Southern Utah officials believe recent storms will positively impact drought conditions
WASHINGTON COUNTY, Utah — Wednesday’s storm left a mark on southern Utah from Bryce Canyon all the way to St. George, bringing snow, ice, and rain.
While the weather didn’t have a huge impact on day-to-day life, there’s hope it will greatly impact the desert’s deep drought.
“We’ve just been getting storm after storm after storm,” said Zachary Renstrom, general manager for the Washington County Conservancy District.
It’s rare to see a dusting of white on the red rocks of southern Utah, but there is a certain level of excitement when rain or snow hits the ground. And it’s more exciting when it’s frequent.
“Last summer, we had a very good monsoonal season, and down here in the southern part of the state, soils absorbed that water,” Renstrom explained.
Water officials are paying very close attention to snow water equivalent percentages across the state. That’s the depth of water that would cover the ground if all of the snow was liquid. Right now, that number is more than 200% for southern Utah.
“Those numbers are exactly right where we want them,” Renstrom said. “The soils have quite a bit of moisture in them, so when the snow melts, snow and water won’t run into the soils. They’ll actually run off into the streams where we want to see them go.”
Water officials say a good, slow snow melt is the best-case scenario, and if that happens, there should be no problem filling up our reservoirs.
“Knowing where the soil moisture content is, we know the majority of that water then and that snowpack will run off and will be able to capture that and put it into the reservoirs,” Renstrom said.
When Utah gets more water than usual, something special happens at Gunlock State Park, just 15 miles northwest of St. George. It overflows its banks and unleashes the rare Gunlock Falls.
Water officials anticipate that happening this year.

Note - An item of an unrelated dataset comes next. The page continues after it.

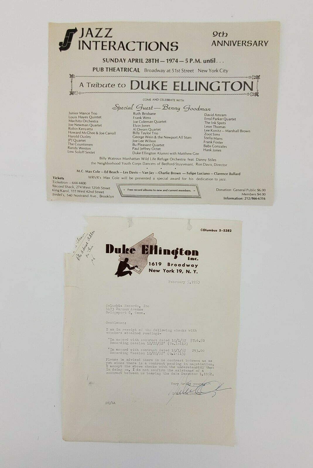 1943/1953/1974. A four-item collection of classic Ellington documents: a typed letter signed by Ellington and three music programs. Item #1: The letter is from Ellington to Columbia Records regarding two payments received despite the non-completion of contractual negotiations. Dated February 5, 1953, and typed on 8 ½ " x 11" personal stationery. Ellington's signature appears in blue ink on the signature line. Very good; light staining and wrinkles with open tears to left corner and upper edge of the letter. Item #2: A program and flyer for Jazz Interactions' April 28, 1974 tribute to Duke Ellington. Ellington would die less than one month later. The flyer is one page on 8.5" x 11" copy paper, landscape orientation. Mentions special guest Benny Goodman. In very good condition. Mild wear with some wrinkles to left corner. The program is saddle stitched and measures 5.5" x 7.5". New York, 1974. Pamphlet, 31 pages. In very good condition. Some wrinkles along spine. Item #3. Program for a Duke Ellington tribute concert on April 29, 1976 (a benefit performance for Cuttington College in Liberia commemorating Ellington on what would have been his 77th birthday). In very good condition. A bifold program on one sheet of card stock, measuring 5.5" x 7.5". Vertical crease down the middle, and light age-toning throughout. Item #4: A musical program for an Ellington performance at Carnegie Hall in New York. The performance took place December 11, 1943. The four-page show notes are also included, which lists the appearance of several other performers including Fats Waller and Billy Strayhorn. The program contains a number of ads and announcements for other upcoming shows. Program: New York, 1943. Slim Octavo, 15 pages. In very good- condition. Covers have moderate soiling, two small ink marks and pencil notation on the front cover, and mild age-toning. The interior has mild age-toning as well; Notes: New York, 1943. Leaflet (5.5" x 8.5"), 4 pages. In very good condition. Light age-toning.
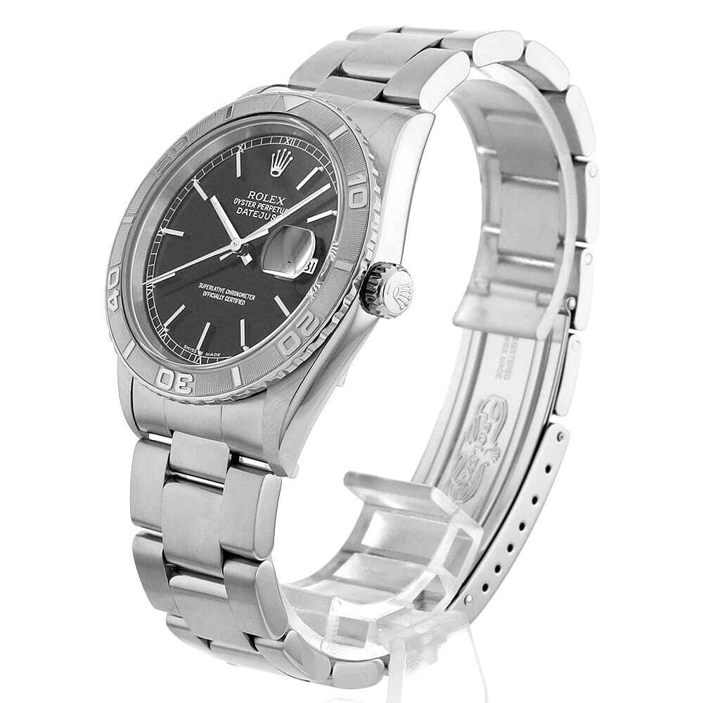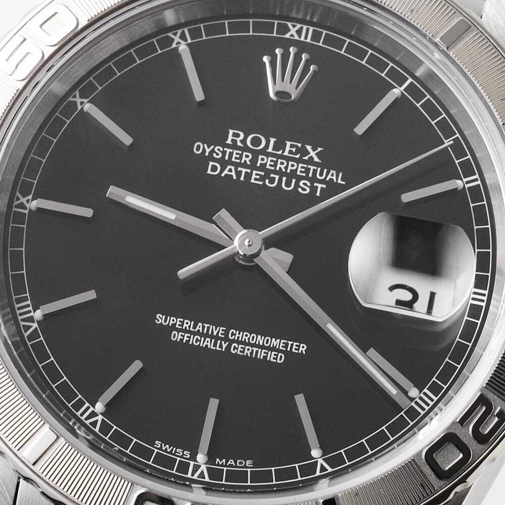 | モデル情報 | 両方向回転ベゼル付きデイトジャストの愛称サンダーバード。その歴史は1956年にアメリカ空軍のアクロバットチーム「サンダーバーズ」隊長のドン・フェリス大佐の引退を記念して特別発注されたデイトジャストに端を発します。オールステンレススティールではなく、ホワイトゴールドとのコンビである点に、さりげない高級感が見え隠れする大人の渋い腕時計です。 |

“This year is a great year, but I don’t know what’s going to happen in the summer, what’s going to happen next winter, and that’s just it. When we fill up our reservoirs, we can continue to store that water in our reservoirs for multiple years,” Renstrom said.
While all this moisture is great, water officials continue to emphasize water conservation. They suggest no watering just yet and say this is a good time to check watering systems for leaks.